Attorney seeks to disqualify commonwealth's attorney's office
By Jana Wagoner
The attorney for a Freedom High School assistant principal charged in August for possession of child pornography is trying to get the Loudoun County Commonwealth's Attorney's Office disqualified from the case.
Steven D. Stone filed a motion to disqualify, claiming bias on the part of Loudoun County Commonwealth's Attorney Jim Plowman.
Stone's client, Ting-Yi Oei, 59, of Reston, was charged with possession of child pornography for holding evidence of an inappropriate cell-phone photo of a female Freedom student who is a juvenile.
Oei was originally charged with failure to report child abuse or neglect, but that was dropped in July before he was indicted in August on the child pornography charge.
In an affidavit Stone filed in court, James Faughnan, the attorney who represented Oei in the failure to report case, wrote that in a phone conversation he had with Plowman, Plowman “acknowledged that the photo was not true porn.”
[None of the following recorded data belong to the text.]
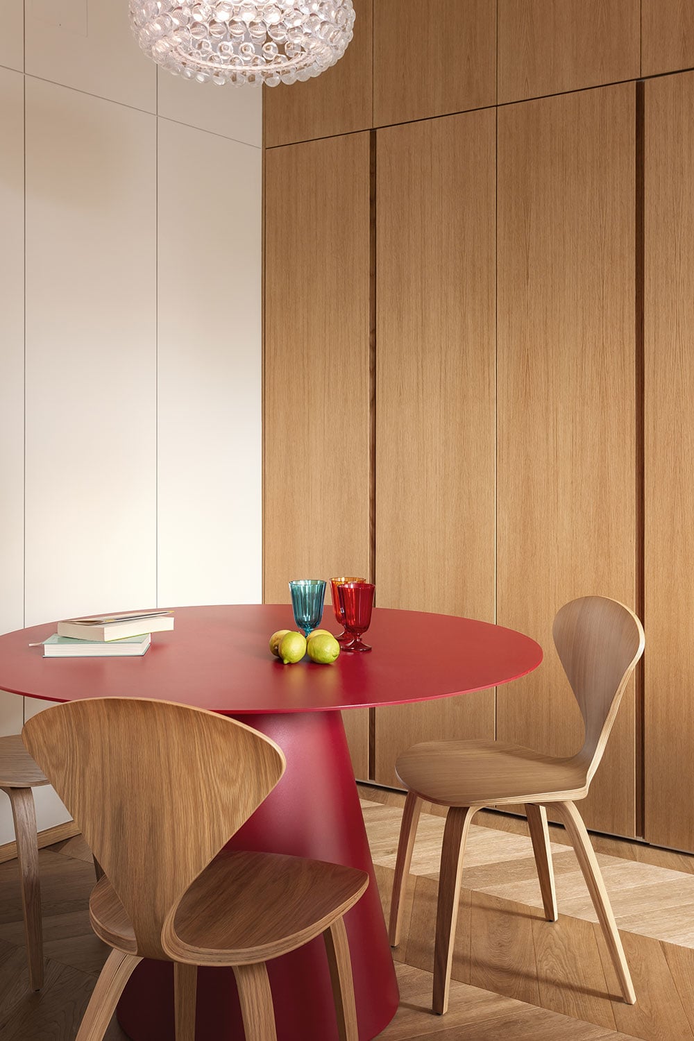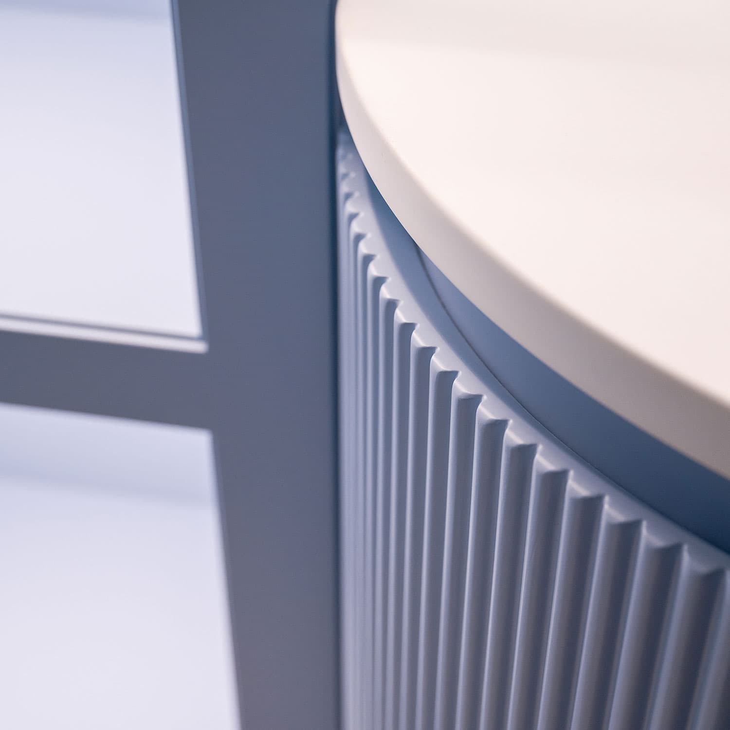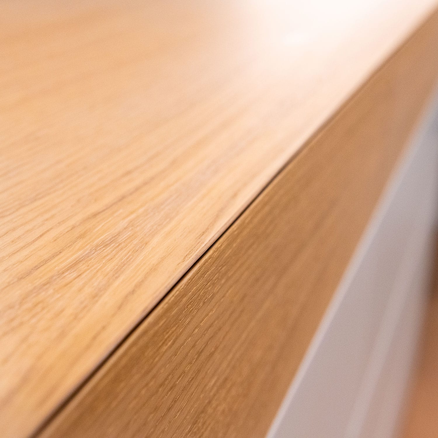 Materiale e caratteristiche: essenza rovere, fenix, finiture laccate a campione, maniglie in massello pantografate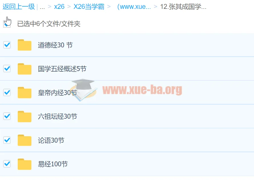 张其成国学五经6套。 张其成国学五经6套包括:《周易》、《论语》、《道德经》、《六祖坛经》及《六祖坛经》的全解或相关著作。这五部经典被张其成教授视为国学精髓,分别代表易学、儒学、道学、佛学和医学的核心。通过深入浅出的解读,帮助读者理解古代圣贤的智慧,提升个人修养,实现心灵的安宁与和谐。 ├── 六祖坛经30节 ├── 道德经30 节 ├── 国学五经概述5节 ├── 黄帝内经30节 ├── 论语30节 ├── 易经100节...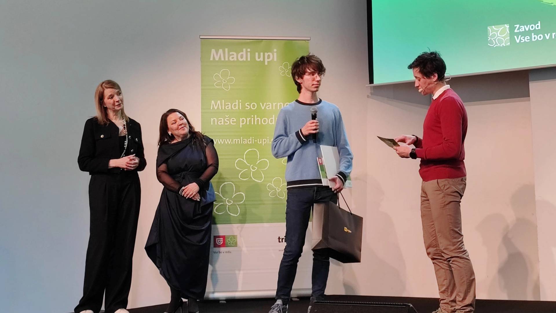 Vseh trinajst je stopilo na oder, kjer so jim predstavniki Zavarovalnice Triglav oziroma Zavoda Vse je v redu stisnili roko in jim zaželeli še veliko uspehov ter jim predali sredstva in druge ugodnosti.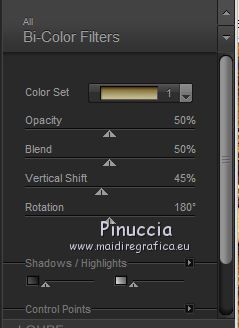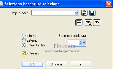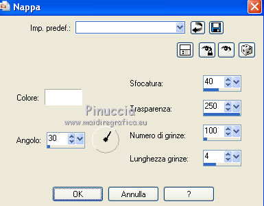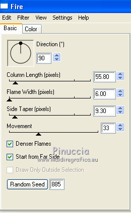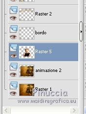 qui puoi trovare qualche risposta ai tuoi dubbi. Se l'argomento che ti interessa non è presente, ti prego di segnalarmelo. Per tradurre questo tutorial ho usato PSP X. Questo tutorial è una creazione di ©Titoune e non può essere copiato su altri siti nè essere offerto per il download. Lo stesso vale per la mia traduzione. Il materiale viene da vari gruppi di condivisione. Il copyright appartiene ai rispettivi autori. Grazie ai creatori dei tubes che mettono a disposizione il loro lavoro in vari gruppi di condivisione. Occorrente: Materiale qui Il tube utilizzato è di ClaudiaViza Gli elementi scrap sono una creazione Aussie scraps ù Rispetta il lavoro degli autori, non cambiare il nome del file e non cancellare il watermark. Filtri: consulta, se necessario, la mia sezione filtri qui FM Tile Tools - Blend Emboss qui Mehdi - Sorting Tiles qui Eye Candy 4000 - Fire qui Nik Software - Color Efex Pro qui Animation Shop qui ![]() Metti la selezione nella cartella Selezioni. 1. Apri una nuova immagine trasparente 750 x 600 pixels. Selezione>Seleziona tutto. 2. Apri l'immagine "christmas-new-year-wallpaper-216" e vai a Modifica>Copia. Torna al tuo lavoro e vai a Modifica>Incolla nella selezione. 3. Selezione>Modifica>Contrai - 50 pixels. Selezione>Inverti. 4. Regola>Sfocatura>Sfocatura gaussiana - raggio 25. 5. Effetti>Effetti di trama>Nappa. ![]() 6. Effetti>Effetti 3D>Smusso a incasso. ![]() Selezione>Inverti. 7. Livelli>Nuovo livello raster. Modifica>Incolla nella selezione (l'immagine christmas-new-year-wallpaper-216 è ancora in memoria). 8. Effetti>Plugins>FM Tile Tools - Blend Emboss, con i settaggi standard. ![]() Rinomina questo livello "animazione 2". 9. Selezione>Modifica>Seleziona bordature selezione. ![]() 10. Livelli>Nuovo livello raster. Attiva il livello Raster 1 e vai a Modifica>Copia. Attiva nuovamente il livello superiore e vai a Modifica>Incolla nella selezione. Selezione>Deseleziona. 11. Effetti>Plugins>Mehdi - Sorting Tiles. ![]() Effetti>Effetti di bordo>Aumenta. Rinomina questo livello "bordo". 12. Apri il tube "titoune_etoiles_lady_christmas" e vai a Modifica>Copia. Torna al tuo lavoro e vai a Modifica>Incolla come nuovo livello. 13. Effetti>Effetti 3D>Sfalsa ombra, con il colore #2d1b04. ![]() Ripeti l'Effetto Sfalsa ombra, cambiando verticale e orizzontale con -3. 14. Apri il tube CSR Blog Train_Candle_Scrap and Tubes e vai a Modifica>Copia. Torna al tuo lavoro e vai a Modifica>Incolla come nuovo livello. 15. Effetti>Effetti di immagine>Scostamento. ![]() Rinomina questo livello "animazione". 16. Effetti>Effetti 3D>Sfalsa ombra, con i settaggi precedenti. 17. Apri il tube CSR Blog Train_Bow_Scrap and Tubes e vai a Modifica>Copia. Torna al tuo lavoro e vai a Modifica>Incolla come nuovo livello. Spostalo in alto a sinistra.18. Effetti>Effetti 3D>Sfalsa ombra, con i settaggi precedenti. 19. Apri il tube CSR Blog Train_Bauble 2_Scrap and Tubes e vai a Modifica>Copia. Torna al tuo lavoro e vai a Modifica>Incolla come nuovo livello. Spostalo in alto a sinistra sotto il nastro.![]() 20. Effetti>Effetti 3D>Sfalsa ombra, con i settaggi precedenti. 21. Apri il tube di ClaudiaViza e vai a Modifica>Copia. Torna al tuo lavoro e vai a Modifica>Incolla come nuovo livello. 22. Immagine>Ridimensiona, al 45%, tutti i livelli non selezionato. Spostalo in basso a sinistra.23. Effetti>Effetti 3D>Sfalsa ombra, con i settaggi precedenti. Nella paletta dei livelli porta questo livello sopra "animazione 2". ![]() 24. Attiva il livello "bordo e vai a Modifica>Copia. Selezione>Seleziona tutto. Immagine>Ritaglia la selezione. 25. Selezione>Seleziona tutto. Selezione>Modifica>Contrai - 5 pixels. Selezione>Inverti. 26. Livelli>Nuovo livello raster. Livelli>Disponi>Porta in alto. Modifica>Incolla nella selezione. Selezione>Deseleziona. Immagine>Rifletti. Livelli>Disponi>Sposta giù. 27. Apri il tube CSR Blog Train_Gift 1_Scrap and Tubes e vai a Modifica>Copia. Torna al tuo lavoro e vai a Modifica>Incolla come nuovo livello. Spostalo in basso a destra.Effetti>Effetti 3D>Sfalsa ombra, con i settaggi precedenti. Apri il tube CSR Blog Train_Gift 3_Scrap and Tubes e vai a Modifica>Copia. Torna al tuo lavoro e vai a Modifica>Incolla come nuovo livello. Spostalo in basso a destra accanto all'altro pacchetto.Effetti>Effetti 3D>Sfalsa ombra, con i settaggi precedenti. Firma il tuo lavoro. 28. Animazione. Attiva il livello "animazione". Selezione>Carica/Salva selezione>Carica selezione da disco. Cerca e carica la selezione "flamme_Lady_christmas". ![]() 29. Effetti>Plugins>Eye Candy 4000 - Fire. ![]() Selezione>Deseleziona. 30. Modifica>Copia Unione. Apri Animation Shop e vai a Modifica>Incolla>Incolla come nuova animazione. 31. Torna in PSP. Modifica>Annulla azione Deseleziona. Modifica>Annulla azione Fire. Effetti>Plugins>Eye Candy 4000 - Fire, clicca su Random Seed e ok. Selezione>Deseleziona. 32. Attiva il livello "animazione 2". Effetti>Plugins>Nik software - Color efex pro 3.1 - Bi-Color Filters. Color Set: Brown 1. ![]() Modifica>Copia Unione. Torna in Animation Shop e vai a Modifica>Incolla>Incolla dopo il fotogramma corrente. 33. Di nuovo in PSP. Modifica>Annulla azione Color Efex. Modifica>Annulla azione Selezione livello. Modifica>Annulla azione Deseleziona. Modifica>Annulla azione Fire. E sei nuovamente sul livello "animazione" con la selezione attiva. Effetti>Plugins>Eye Candy 4000 - Fire, clicca su Random Seed e ok. Selezione>Deseleziona. 34. Attiva il livello "animazione 2". Effetti>Plugins>Nik software - Colorefexpro 3.1 - Bi-Color Filters. Color Set: Brown 3. ![]() Modifica>Copia Unione. Torna in Animation Shop e vai a Modifica>Incolla>Incolla dopo il fotogramma corrente. Modifica>Seleziona tutto. Animazione>Proprietà fotogramma e imposta la velocità a 30. ![]() Controlla il risultato cliccando su Visualizza e salva in formato gif.![]() Se hai problemi o dubbi, o trovi un link non funzionante, o anche soltanto per un saluto, scrivimi. 15 Dicembre 2011 |

Stone filed the motion to disqualify claiming bias since Plowman went ahead with child pornography charges even though he had said it was not child pornography.
Wittmann contested that part of the affidavit, saying that Plowman did not say it wasn't child porn but that it was “not the typical type of child porn [his office] deals with.”
Loudoun County Circuit Court Judge Thomas D. Horne declined to hear the motion since Plowman and Wittmann try cases in his court so often.
“I'm not going to judge the credibility of these persons,” Horne said.
Instead, Horne will forward the matter to the Virginia Supreme Court to appoint a resident judge. The new judge should rule on the motion by mid-November, Horne said.
If the judge rules in favor of Stone, new prosecution will have to be appointed to the case before it goes to trial before Horne Feb. 26, 2009. If the judge does not rule in favor of Stone, Plowman and Wittmann will stay on the case when it goes to trial.
Oei apparently confiscated the photo in question from another student at the school March 14, but never informed the child’s parents, the Loudoun Sheriff’s Office school resource deputy assigned to the school or Child Protective Services, as required by law, Loudoun County Sheriff's Office spokesman Kraig Troxell said.